◆ **Items listed in a dataset**:
[Start of Attachment]

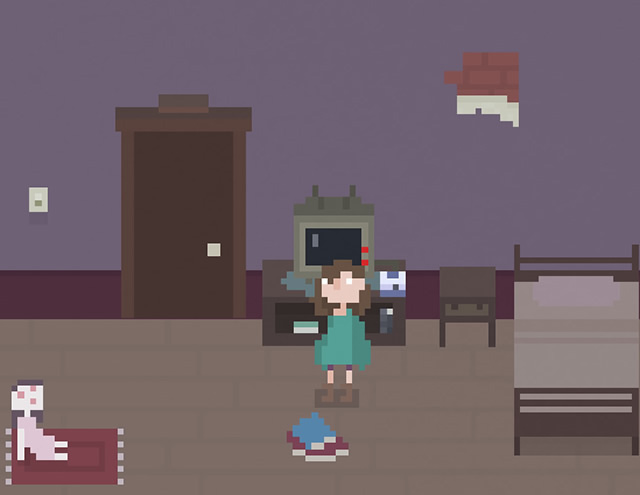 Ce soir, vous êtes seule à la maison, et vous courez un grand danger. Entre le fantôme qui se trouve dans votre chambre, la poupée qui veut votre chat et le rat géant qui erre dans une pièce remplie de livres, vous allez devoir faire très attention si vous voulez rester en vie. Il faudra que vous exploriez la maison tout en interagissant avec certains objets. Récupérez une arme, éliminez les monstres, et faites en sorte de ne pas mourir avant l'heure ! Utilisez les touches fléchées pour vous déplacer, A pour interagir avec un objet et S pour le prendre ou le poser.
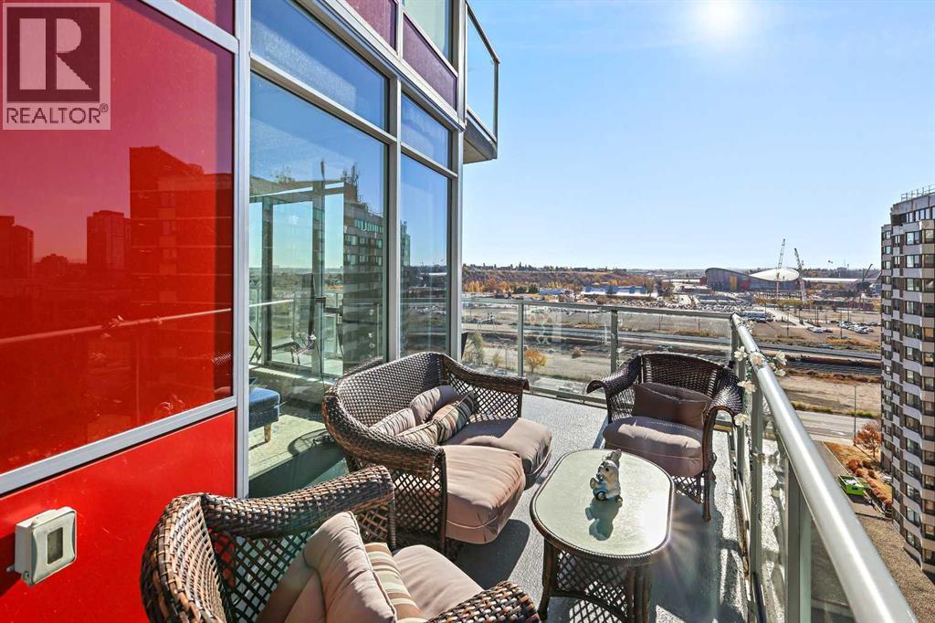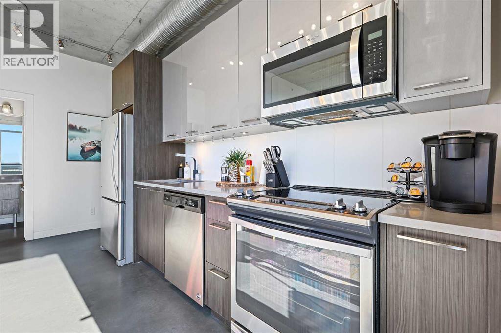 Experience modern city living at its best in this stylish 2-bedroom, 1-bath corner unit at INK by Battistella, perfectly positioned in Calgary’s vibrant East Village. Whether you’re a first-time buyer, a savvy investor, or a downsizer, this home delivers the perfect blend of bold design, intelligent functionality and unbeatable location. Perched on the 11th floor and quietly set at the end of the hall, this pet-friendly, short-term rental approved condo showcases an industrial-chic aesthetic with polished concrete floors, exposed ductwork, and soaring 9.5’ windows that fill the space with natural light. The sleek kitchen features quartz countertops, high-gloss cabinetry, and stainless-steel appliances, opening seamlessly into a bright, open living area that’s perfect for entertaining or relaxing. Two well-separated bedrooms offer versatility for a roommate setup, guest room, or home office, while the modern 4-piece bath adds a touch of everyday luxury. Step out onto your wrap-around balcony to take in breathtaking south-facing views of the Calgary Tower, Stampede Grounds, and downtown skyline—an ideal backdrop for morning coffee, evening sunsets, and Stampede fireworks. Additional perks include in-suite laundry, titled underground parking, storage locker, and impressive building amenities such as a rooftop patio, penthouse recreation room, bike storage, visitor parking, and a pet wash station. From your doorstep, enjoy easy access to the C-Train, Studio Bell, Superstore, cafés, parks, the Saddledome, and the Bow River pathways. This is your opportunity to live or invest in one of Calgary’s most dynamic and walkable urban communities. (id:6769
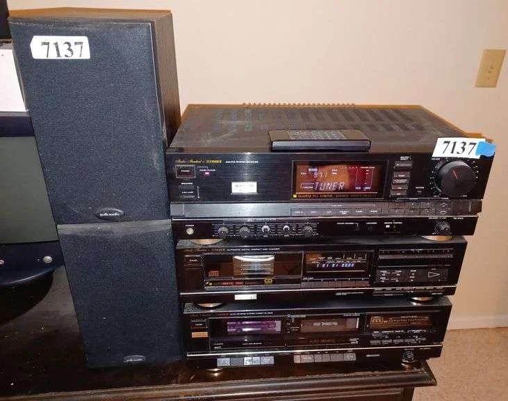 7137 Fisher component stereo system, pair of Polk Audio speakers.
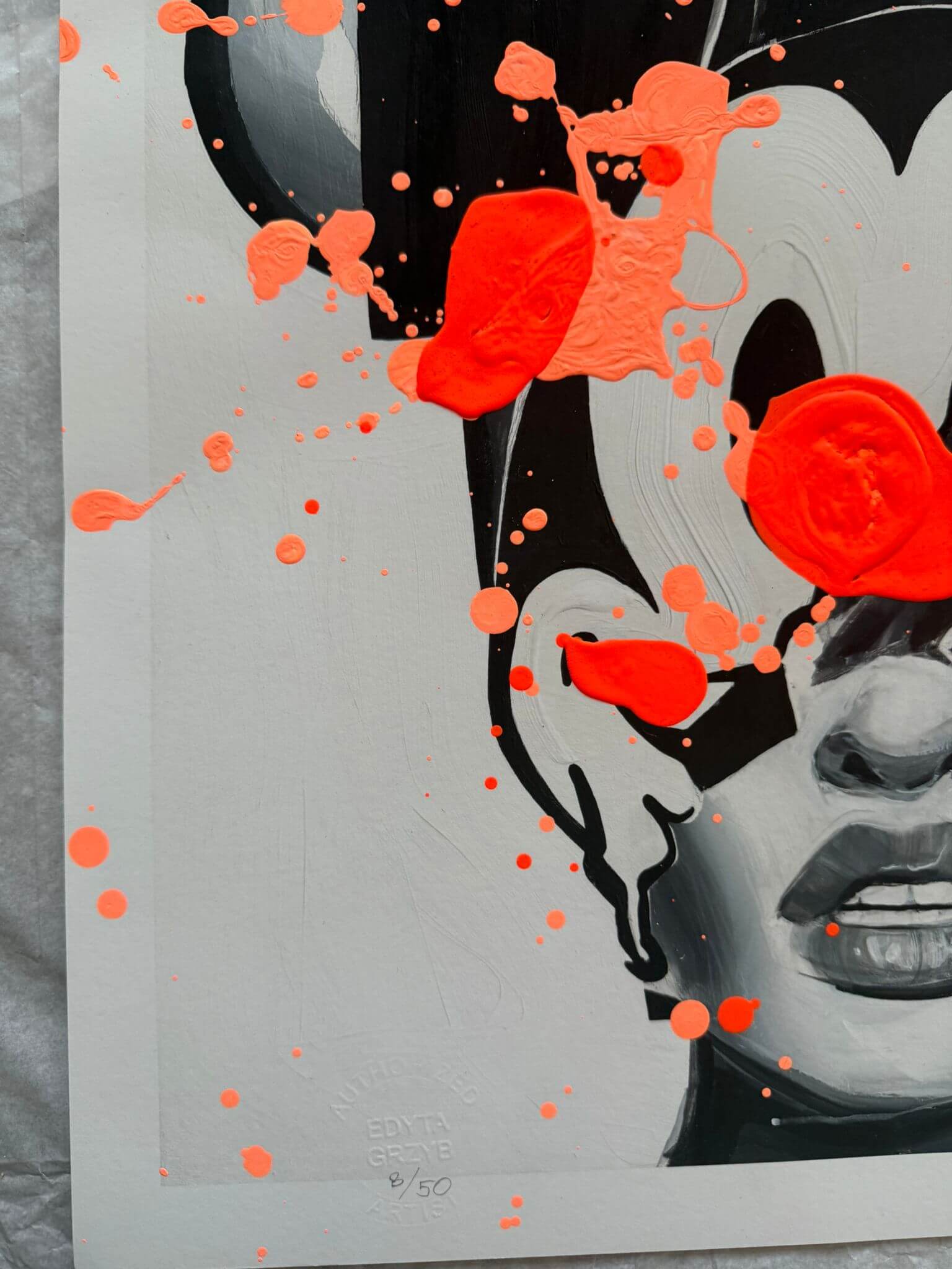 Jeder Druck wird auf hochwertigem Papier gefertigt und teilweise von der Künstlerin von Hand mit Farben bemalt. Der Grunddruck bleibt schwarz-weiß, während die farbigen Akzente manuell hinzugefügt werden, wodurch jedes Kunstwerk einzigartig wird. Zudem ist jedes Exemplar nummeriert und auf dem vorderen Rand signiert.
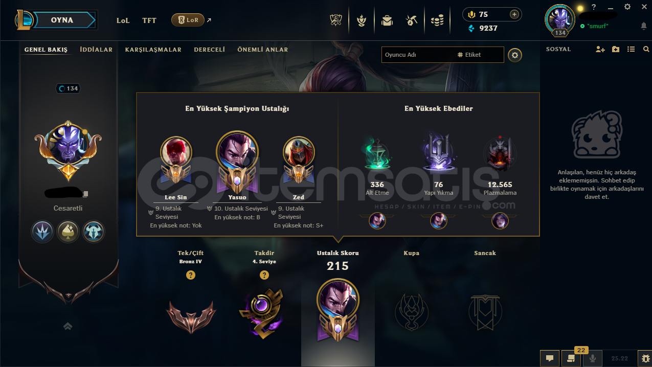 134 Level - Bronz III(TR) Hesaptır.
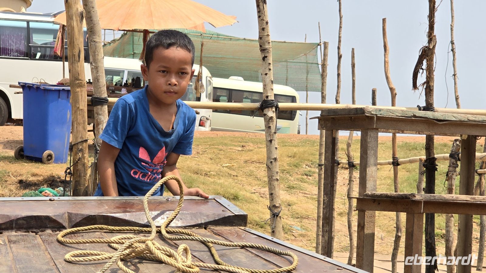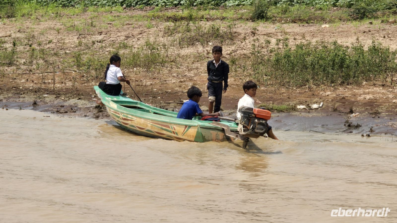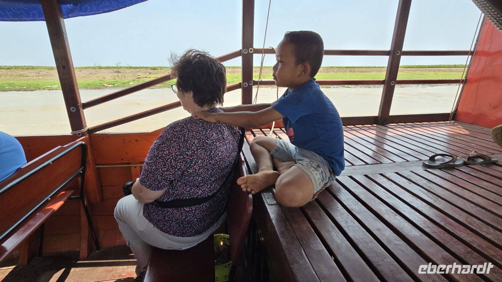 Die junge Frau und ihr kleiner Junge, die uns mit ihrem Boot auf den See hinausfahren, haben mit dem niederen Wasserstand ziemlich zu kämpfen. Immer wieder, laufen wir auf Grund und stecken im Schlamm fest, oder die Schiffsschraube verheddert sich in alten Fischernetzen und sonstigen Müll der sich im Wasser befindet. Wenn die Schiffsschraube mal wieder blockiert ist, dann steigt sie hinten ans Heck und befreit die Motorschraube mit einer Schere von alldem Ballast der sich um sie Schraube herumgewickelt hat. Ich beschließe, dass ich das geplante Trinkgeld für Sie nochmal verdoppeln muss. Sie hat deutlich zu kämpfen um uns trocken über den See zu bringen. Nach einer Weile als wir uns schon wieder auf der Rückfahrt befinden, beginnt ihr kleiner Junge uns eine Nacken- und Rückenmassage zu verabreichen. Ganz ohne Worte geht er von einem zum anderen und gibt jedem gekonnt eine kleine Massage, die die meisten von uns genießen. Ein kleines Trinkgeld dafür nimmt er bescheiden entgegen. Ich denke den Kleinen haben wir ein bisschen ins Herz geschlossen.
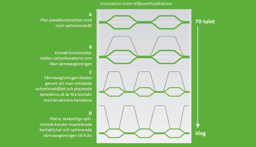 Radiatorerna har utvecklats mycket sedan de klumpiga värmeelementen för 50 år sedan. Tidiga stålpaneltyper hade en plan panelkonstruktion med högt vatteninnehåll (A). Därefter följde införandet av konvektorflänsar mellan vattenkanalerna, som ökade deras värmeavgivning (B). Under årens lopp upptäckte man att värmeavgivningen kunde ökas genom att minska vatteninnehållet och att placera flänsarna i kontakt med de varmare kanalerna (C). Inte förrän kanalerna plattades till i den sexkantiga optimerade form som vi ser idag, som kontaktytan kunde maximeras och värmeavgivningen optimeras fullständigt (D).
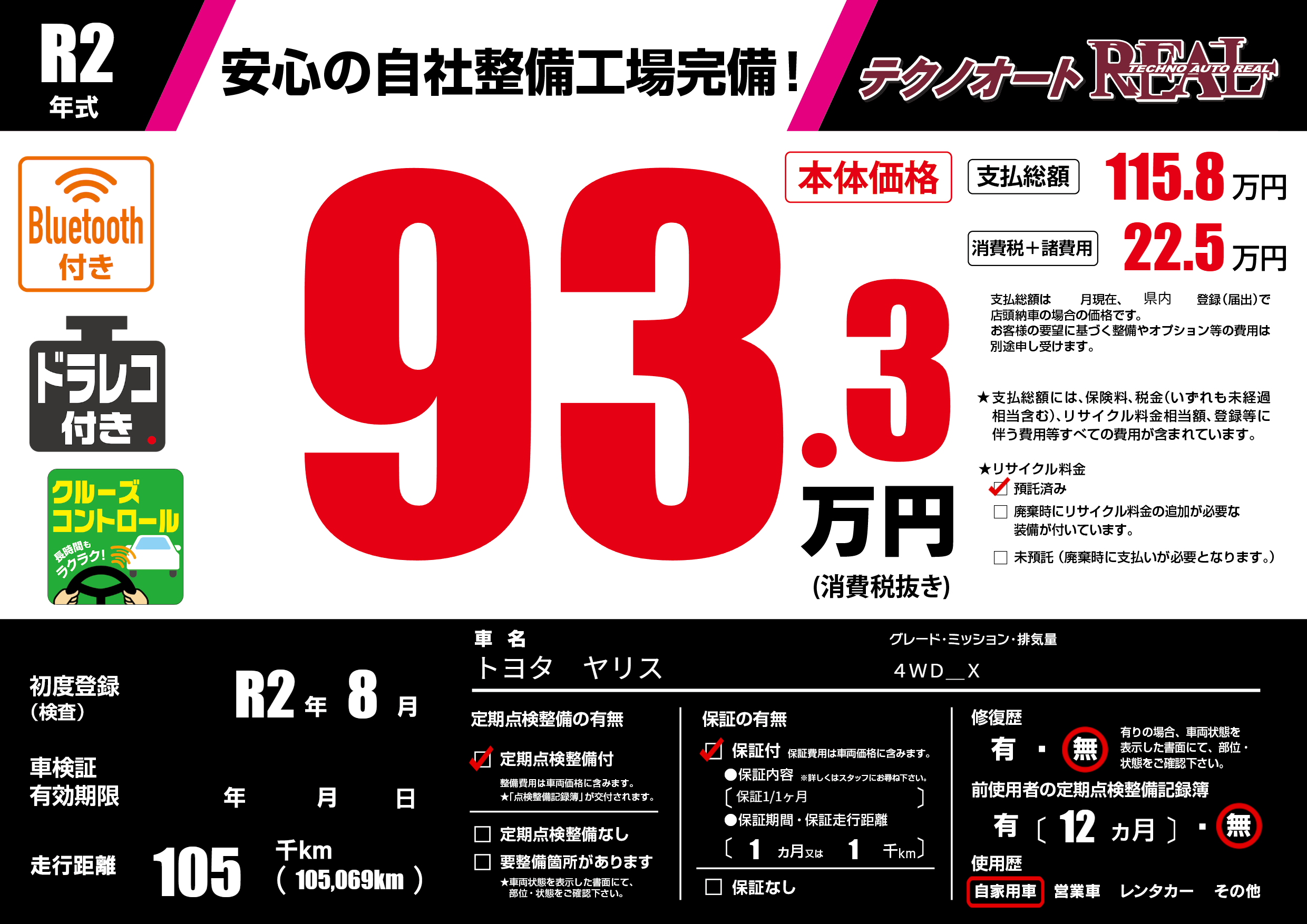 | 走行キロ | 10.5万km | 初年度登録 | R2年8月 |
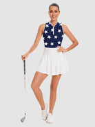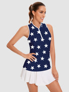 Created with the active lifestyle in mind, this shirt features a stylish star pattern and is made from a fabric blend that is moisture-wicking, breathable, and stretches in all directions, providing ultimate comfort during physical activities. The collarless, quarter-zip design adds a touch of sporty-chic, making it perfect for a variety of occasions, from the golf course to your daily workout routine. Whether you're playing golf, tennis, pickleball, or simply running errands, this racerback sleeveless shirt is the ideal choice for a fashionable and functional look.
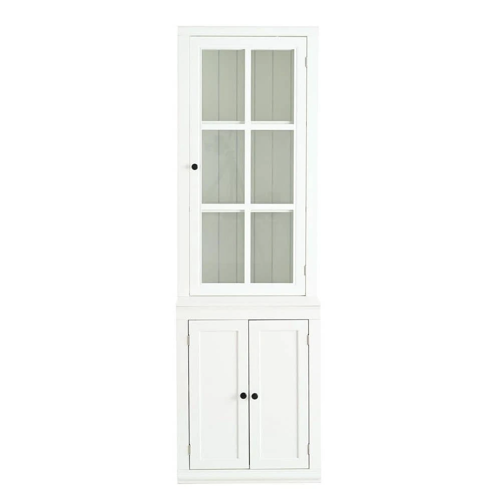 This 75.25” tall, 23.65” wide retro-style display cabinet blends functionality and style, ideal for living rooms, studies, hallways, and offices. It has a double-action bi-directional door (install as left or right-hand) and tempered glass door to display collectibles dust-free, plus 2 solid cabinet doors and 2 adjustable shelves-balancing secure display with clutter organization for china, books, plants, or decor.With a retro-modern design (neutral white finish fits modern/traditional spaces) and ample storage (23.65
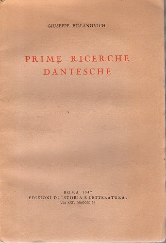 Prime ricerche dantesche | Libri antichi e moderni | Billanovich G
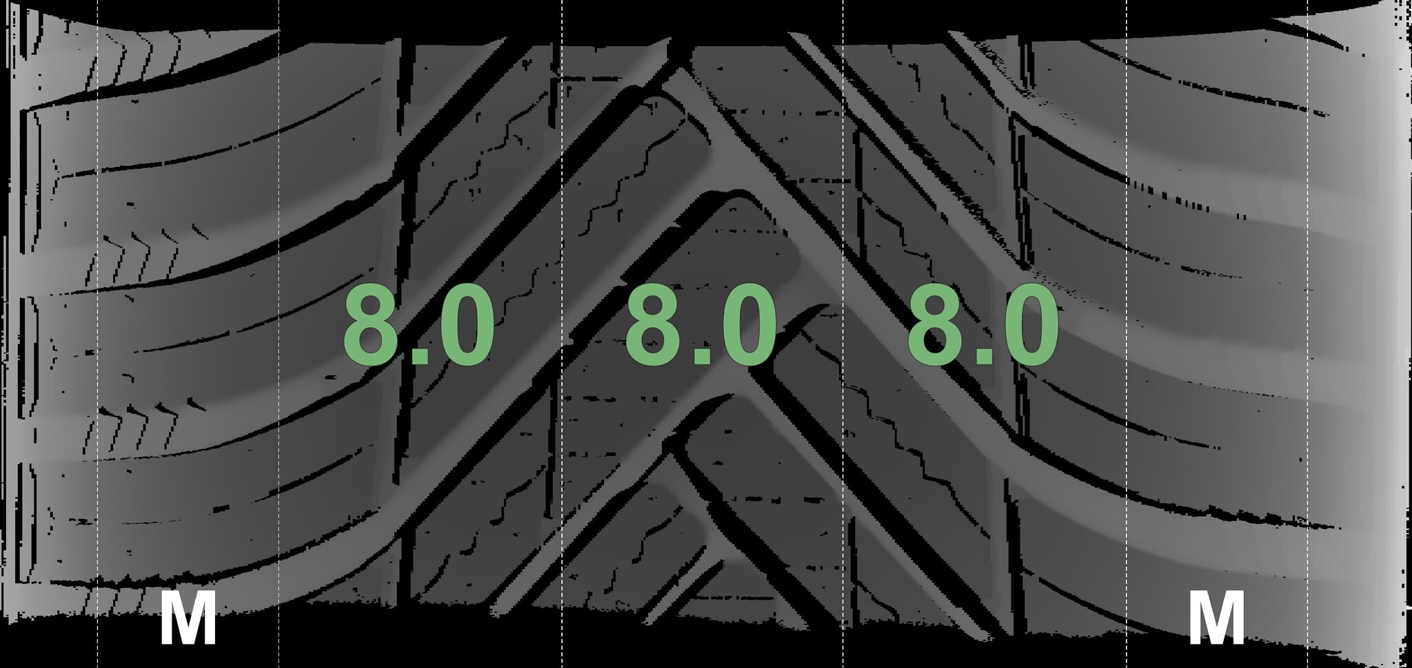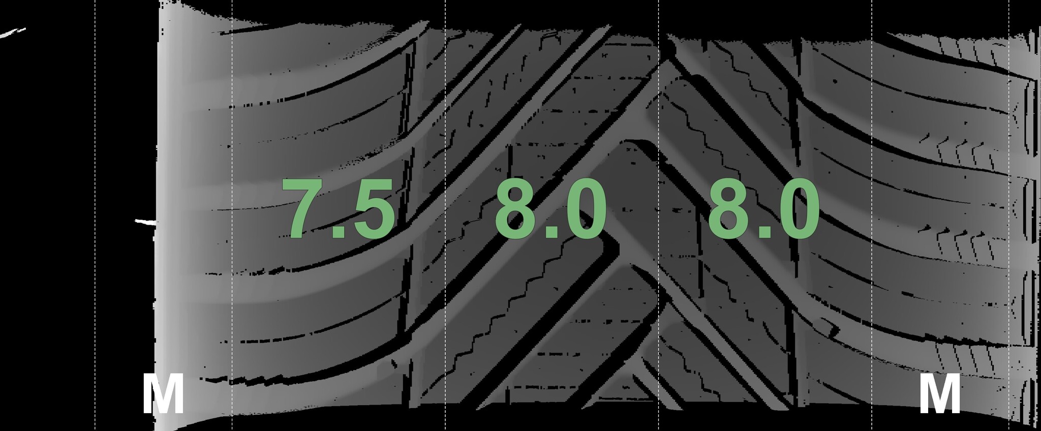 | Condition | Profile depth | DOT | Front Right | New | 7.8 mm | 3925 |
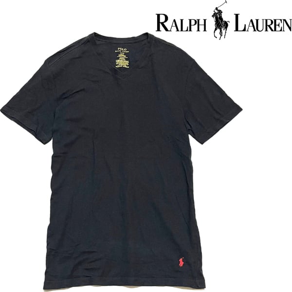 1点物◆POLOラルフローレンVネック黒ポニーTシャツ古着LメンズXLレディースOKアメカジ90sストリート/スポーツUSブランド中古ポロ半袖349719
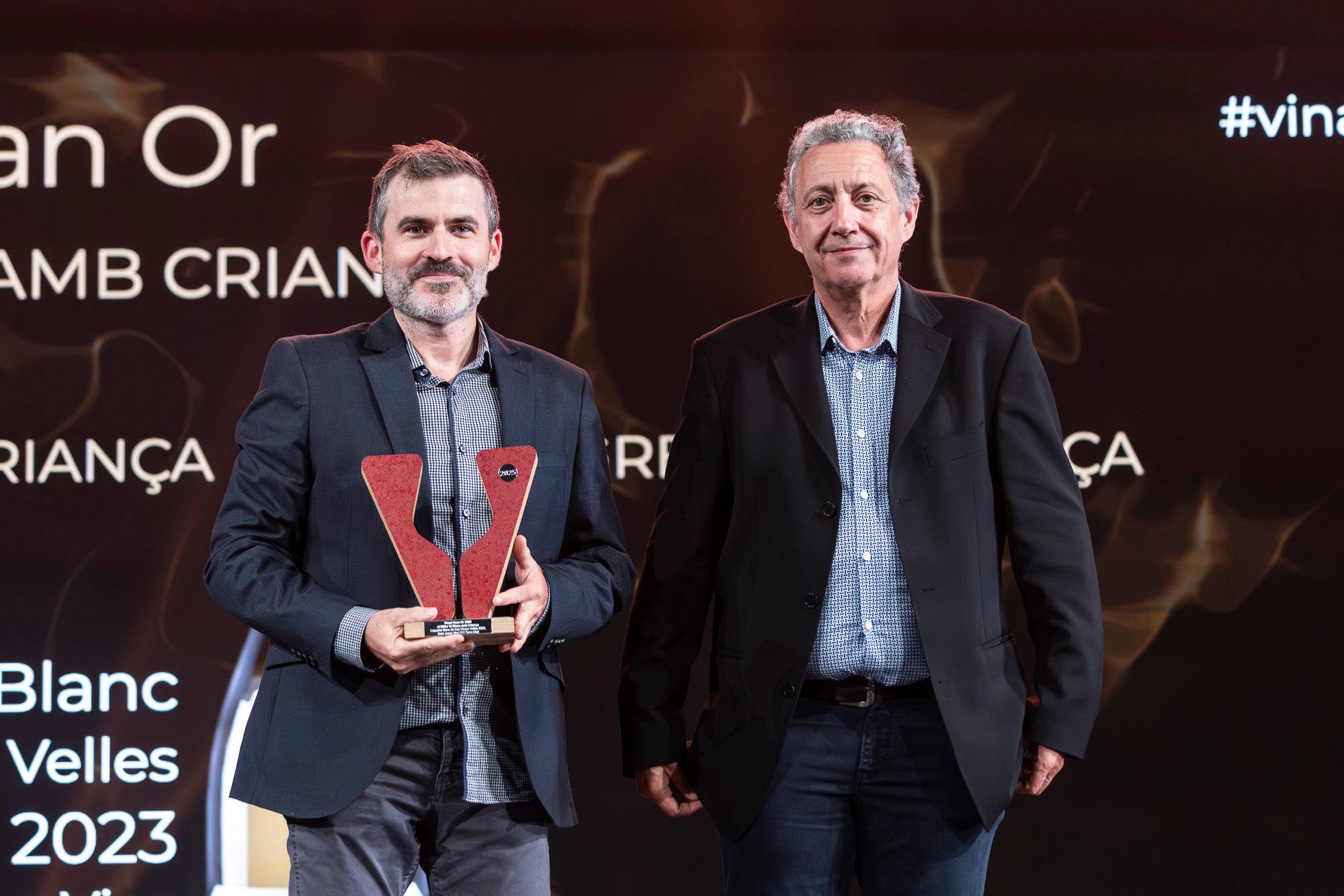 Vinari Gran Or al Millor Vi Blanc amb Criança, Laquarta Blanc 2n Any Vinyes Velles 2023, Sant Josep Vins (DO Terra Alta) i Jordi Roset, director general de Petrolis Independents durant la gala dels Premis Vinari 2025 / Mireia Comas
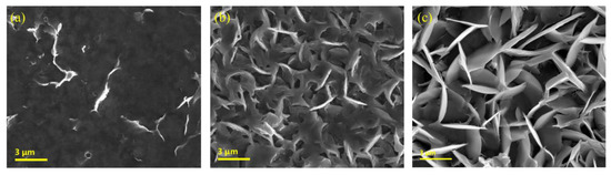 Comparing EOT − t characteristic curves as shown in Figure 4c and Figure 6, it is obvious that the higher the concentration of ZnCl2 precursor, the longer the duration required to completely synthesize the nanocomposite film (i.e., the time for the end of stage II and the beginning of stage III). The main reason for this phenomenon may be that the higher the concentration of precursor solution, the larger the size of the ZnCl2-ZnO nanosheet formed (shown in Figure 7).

[End of Attachment]

◆ **What this task involves**: Leave the pictures out and restate exactly the lines from the one that has "初年度登録 | R2年8月 |" through the final line of the entries above, both ends included.

◆ **Problem solution**:
 | 走行キロ | 10.5万km | 初年度登録 | R2年8月 |
 Created with the active lifestyle in mind, this shirt features a stylish star pattern and is made from a fabric blend that is moisture-wicking, breathable, and stretches in all directions, providing ultimate comfort during physical activities. The collarless, quarter-zip design adds a touch of sporty-chic, making it perfect for a variety of occasions, from the golf course to your daily workout routine. Whether you're playing golf, tennis, pickleball, or simply running errands, this racerback sleeveless shirt is the ideal choice for a fashionable and functional look.
 This 75.25” tall, 23.65” wide retro-style display cabinet blends functionality and style, ideal for living rooms, studies, hallways, and offices. It has a double-action bi-directional door (install as left or right-hand) and tempered glass door to display collectibles dust-free, plus 2 solid cabinet doors and 2 adjustable shelves-balancing secure display with clutter organization for china, books, plants, or decor.With a retro-modern design (neutral white finish fits modern/traditional spaces) and ample storage (23.65
 Prime ricerche dantesche | Libri antichi e moderni | Billanovich G
 | Condition | Profile depth | DOT | Front Right | New | 7.8 mm | 3925 |
 1点物◆POLOラルフローレンVネック黒ポニーTシャツ古着LメンズXLレディースOKアメカジ90sストリート/スポーツUSブランド中古ポロ半袖349719
 Vinari Gran Or al Millor Vi Blanc amb Criança, Laquarta Blanc 2n Any Vinyes Velles 2023, Sant Josep Vins (DO Terra Alta) i Jordi Roset, director general de Petrolis Independents durant la gala dels Premis Vinari 2025 / Mireia Comas
 Comparing EOT − t characteristic curves as shown in Figure 4c and Figure 6, it is obvious that the higher the concentration of ZnCl2 precursor, the longer the duration required to completely synthesize the nanocomposite film (i.e., the time for the end of stage II and the beginning of stage III). The main reason for this phenomenon may be that the higher the concentration of precursor solution, the larger the size of the ZnCl2-ZnO nanosheet formed (shown in Figure 7).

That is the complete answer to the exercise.